In one embodiment, the thickness of the MgF ₂ thin film is 50 nm to 300 nm, and may be included in the antireflection film on the substrate. The substrate may be a transparent substrate or a glass substrate. The transparent substrate may have a transmittance of about 85 to 90% in the visible light region.

In one embodiment, in the step of supplying, as the precursor of the liquid magnesium (Mg), Bis (cyclopentadienyl)magnesium, Bis (ethylcyclopentadienyl)magnesium, Bis (pentamethylcyclopentadienyl)magnesium, Bis (n-propylcyclopentadienyl)magnesium, and Bis ( At least one selected from 2,2,6,6-tetramethyl-3,5-heptanedionato)magnesium can be used.

In one embodiment, in the supplying step, nitrogen trifluoride (NF ₃ ), titanium tetrafluoride (TiF ₄ ) or tantalum pentafluoride (TaF ₅ ) is used as a precursor of fluorine (F) of the MgF ₂ thin film. Can be.
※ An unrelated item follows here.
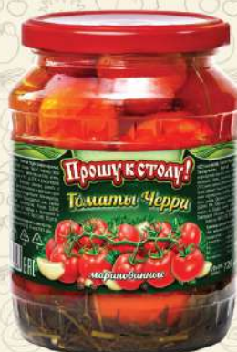
ТОМАТЫ ЧЕРРИ маринованные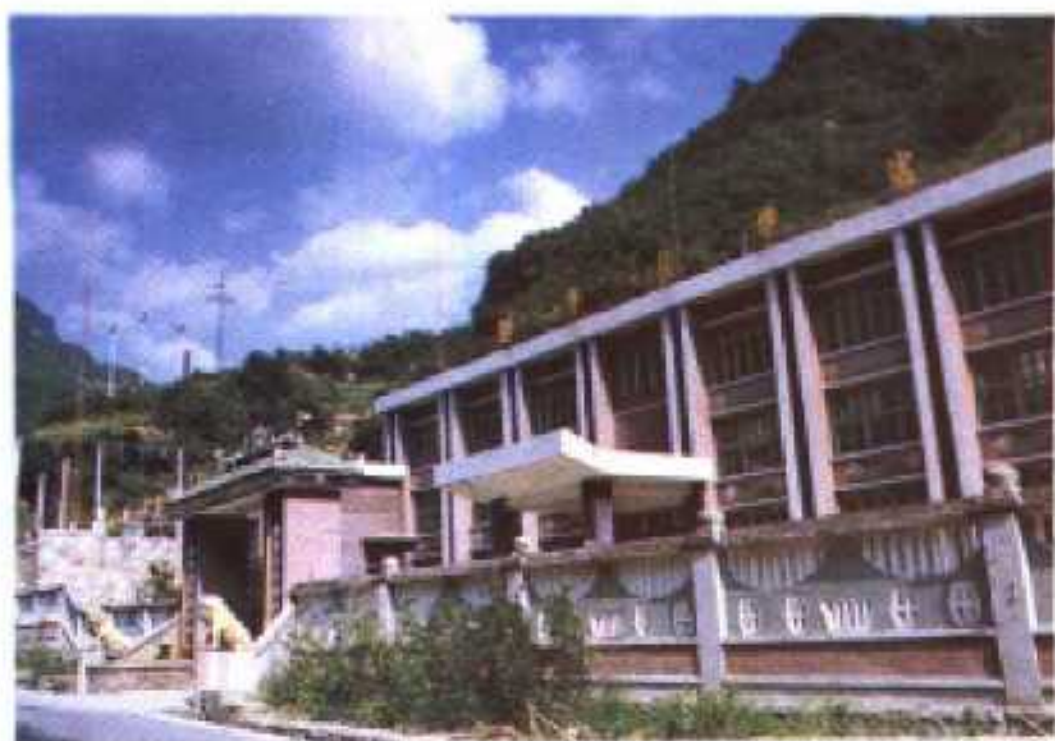
装机容量 2500KW 的高压将军柱电站

In one embodiment, in the supplying step, the liquid magnesium precursor and the fluorine precursor are selected from hydrogen (H), helium (He), nitrogen (N), and argon (Ar) gases, or a mixture thereof Diluted with can be used.

In one embodiment, the supplying step, the liquid Mg precursor and F precursor may be injected together or simultaneously to the vacuum chamber as the reactor.

In one embodiment, the supplying step may control the canister temperature of the liquid Mg precursor to 200°C or less at room temperature and the supply line temperature to 200°C or less at room temperature. Further, more preferably, in the supplying step, the canister temperature of the liquid Mg precursor may be adjusted to 30°C to 140°C, and the supply line temperature to 60°C to 180°C.

In one embodiment, the diffusion step, the temperature of the substrate may be controlled to 600 ℃ or less at room temperature. In addition, more preferably, in the diffusion step, the temperature of the substrate may be adjusted to 200°C to 400°C or less at room temperature.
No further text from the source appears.